Proprietary Platform:

 

 

Proprietary platform-based service offering: research and analytics solution framework WADESM.

Case Study

The client is a leading US-based property and casualty insurer.

In a challenging economic environment with stagnating growth, the client sought to identify the drivers of demand for customer retention, mid-term cancellation and conversion of insurance policies in the auto insurance market. The client engaged us to pilot the analysis in a limited geographic area to determine its effectiveness.

The price optimization process aids the insurer in identifying the drivers of retention and in using these drivers to predict the retention behavior of their policyholders. Therefore, insurers must obtain a clear picture of customers’ price elasticity at different price points. We have developed models that help identify the factors that drive demand and profile customers based on their willingness to pay. This process includes the extraction of data to create predictive models, make projections of future demand and test various scenarios to develop optimal pricing.

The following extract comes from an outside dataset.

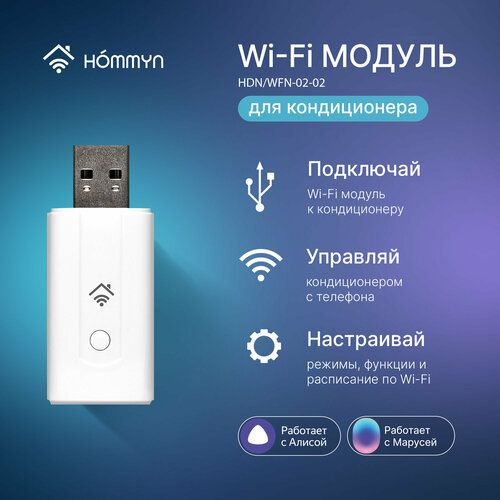 Универсальный USB Wi-Fi модуль HOMMYN это устройство, которое позволяет управлять бытовым прибором по Wi-Fi.Модуль подключается в разъём USB на корпусе бытового прибора и позволяет управлять и настраивать его работу со смартфона через приложение HOMMYN (доступно в App store и Google Play).

Working with the client, we designed an analytics solution that enabled our client to develop a better understanding of factors that drive customer demand and price products on the basis of the customer’s willingness to pay. Specific benefits delivered to our client included:

 

 

Improvements in policy retention and profitability by deploying demand models in their pricing strategy; and

 

 

Extension of the demand-pricing model for auto-insurance products to other states in the US as part of its nationwide strategy.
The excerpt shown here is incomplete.